Генезис модного
Относительно того, как обычная вещь становится модной, существует множество теорий. Георг Зиммель (Зиммель 1996) и Габриэль Тард (Тард 2011: 304) говорят о «подражании» как об основном факторе формирования модного, впрочем, не объясняя, как возникает желание подражать тому или иному объекту. Гофман предлагал понимать становление модного через три большие внутренне дифференцированные категории: 1) «производители», создающие модные стандарты и объекты; 2) «потребители», усваивающие и использующие их в своем поведении; 3) «распространители», передающие модные стандарты и объекты от производителей к потребителям (Гофман 2004: 117). Но это, к сожалению, ничего не объясняет, так как здесь описывается лишь внешняя работа механизма, как будто и так уже известно, как вещь становится модной или как производятся модные вещи. Да и то, что именно «производители» создают модные стандарты и объекты, – само по себе сомнительно. Производители (дизайнеры) «черпают идеи», «вдохновляются» окружающей их действительностью (об этом дизайнеры любят рассказывать в интервью модным журналам). Но, возвращаясь к идейному кризису моды (который начался, пожалуй, после смерти Кристиана Диора, действительно устанавливавшего стандарты «прекрасного» и «модного»), стоит отметить, что явлением последних лет стало то, что производители нарушают «иерархию», берут идеи из «уличной моды» (streetwear). То есть не производитель «воспитывает» потребителя, а наоборот. Но в конечном итоге дизайнер создает свою коллекцию, модель выходит на подиум, журналисты записывают в блокноты и планшеты «считанные» с моделей тенденции и транслируют информацию потребителю, мода спускается на «улицу», преображается в streetwear, снова возвращается к дизайнеру, и «круг» замыкается. Выходит, «круговорот» присутствует не только во «временном» дискурсе моды, но и в идейно-пространственном.
Если же пока оставить в стороне вопрос о том, кто у кого заимствует идеи и кто на самом деле является субъектом генерирования модных объектов, то остается еще один вопрос – о механизме самого процесса «считывания» и метафоричности этого процесса.
Генезис модного – это «биполярный» процесс. Модное поле раскинулось в удвоенном мире, в той самой платоновской модели мироздания, разделенной на идеи и вещи. «Мир идей» актуализирован и персонифицирован в том, что называется haute couture, «мир вещей» – в prêt-а-porter, в повседневной, практикуемой моде.

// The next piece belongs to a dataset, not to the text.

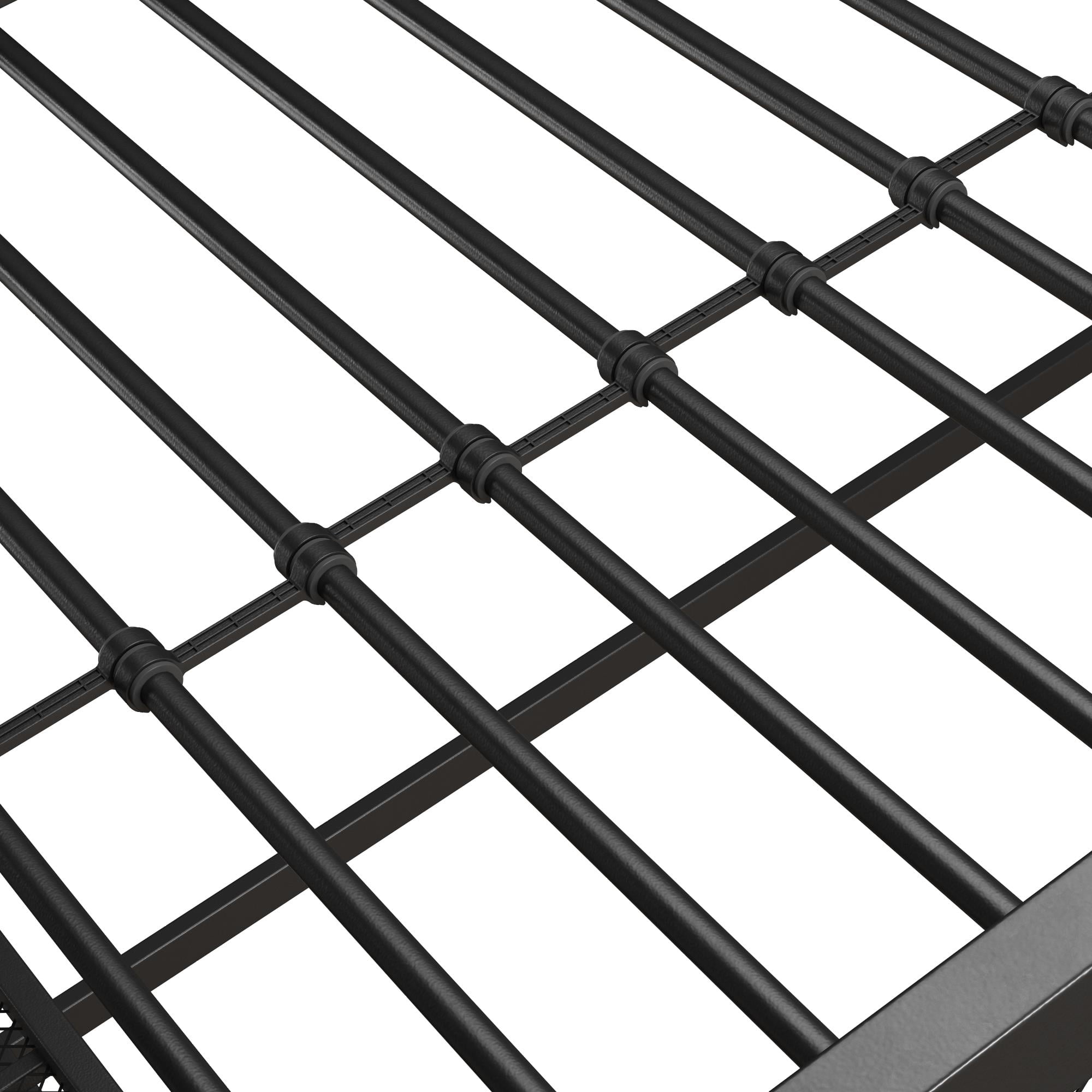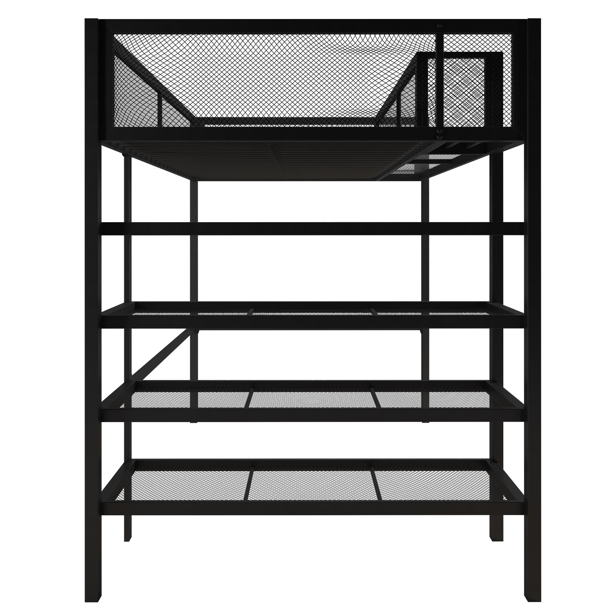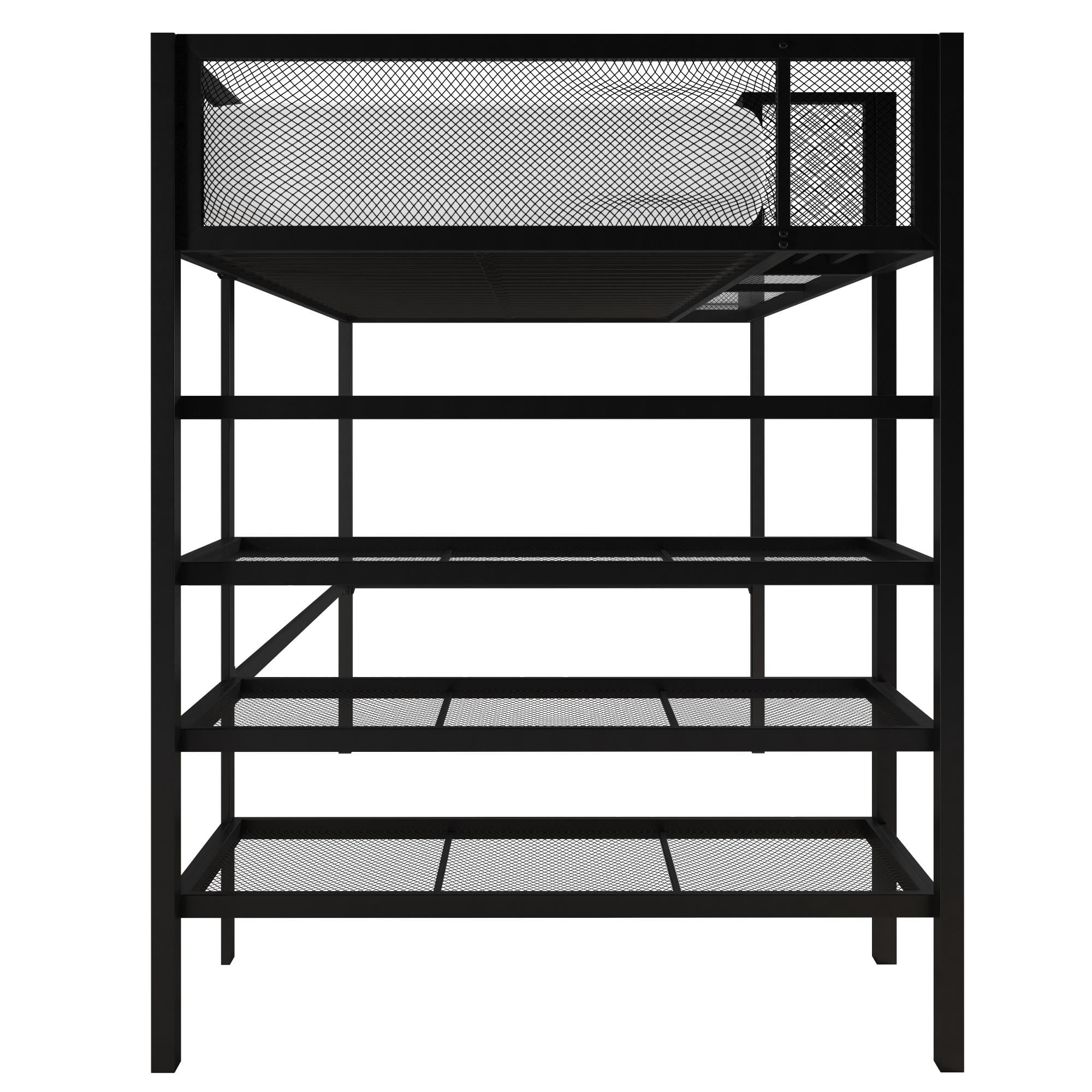Multi-functional design: it comes with 4 shelves on the side and an additional one on the top, perfect to store books and toys This bunk bed is designed shorter than an average, making it ideal for small spaces. It has an under-bed clearance of 52.5 inches Made with sturdy metal, it includes 12-inch full-length guardrails, an integrated ladder and secured metal slats. No foundation required Accommodates one standard twin size mattress of maximum height 6 inches (sold separately) Bunk bed dimensions: 77.5″L x 52″W x 66.5″H. Bed weight limit: 200 lb. Shelf weight limit: 50 lb. Carton dimensions: 78″L x 19″W x 12″H. Net weight: 112 lb. Gross weight: 143 lb.
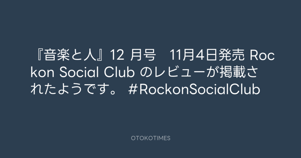 『音楽と人』12 月号 11月4日発売 Rockon Social Club のレビューが掲載されたよ...

На подиумах и дефиле демонстрируются модели одежды. Они словно находятся вне времени и пространства: все эпохи и культуры в разной степени так или иначе задействованы в этих моделях: даже если конкретные тенденции из прошлого не считываются в настоящем, они присутствуют подспудно, например как отрицание или как игнорирование. Но любая новая «форма-модель» заключена в контекст вечности, в контекст прошлого и будущего. Это возвращает нас к понятию «нового» в моде. «Нового» не бывает вне контекста «старого», как и добра не бывает без зла, если следовать утверждению Блаженного Августина.
Вещи, демонстрируемые на подиуме, нарочито оторваны от действительности, ими не предполагается пользоваться в повседневной жизни. Как правило, это в меньшей степени касается показов prêt-a-porter и в большей – haute couture, впрочем, опять же в последние годы происходит смешение форматов. Нередко можно увидеть коллекции prêt-a-porter нарочитые, игровые, гипертрофированные (как многие коллекции того же McQueen или Comme des Garçons, даже Prada или последние несколько сезонов Dolce & Gabbana) и, напротив, «жизненные» коллекции haute couture – как, например, показ Chanel (осень – зима 2013). Подробнее об этом будет рассказано в главе «Гламур».
Грим и вид девушек-моделей большинства дефиле подчеркивает их потусторонность: слишком яркие или слишком темные тени (макияж smoky eyes), заостренные черты (подчеркнутые скулы), отрешенный, устремленный в никуда взгляд, всклокоченные или же, напротив, нарочито прилизанные волосы, слишком идеальная походка – так не ходят по улице, так ходят только по подиуму, отсутствие улыбки. Некоторые дизайнеры добиваются эффекта потусторонности моделей с помощью специальных трюков – «одежды» для лица, превращая моделей в диковинных существ из иного мира. Такие примеры собрала в своей статье Линор Горалик: «Katie Eary делает из позолоченного пластика закрывающий лицо шлем в форме головы непонятного зубастого зверя, Maison Martin Margiela заворачивает головы моделей вместе со шляпами в непрозрачный трикотаж…» Она также приводит в пример «головной убор со страшным, рассекающим лицо „клювом”, маску Stephen Jones из пластмассовых перьев, накидку Lutz с черной бахромой до подбородка, непроницаемые челки моделей у Moschino» (Горалик 2011).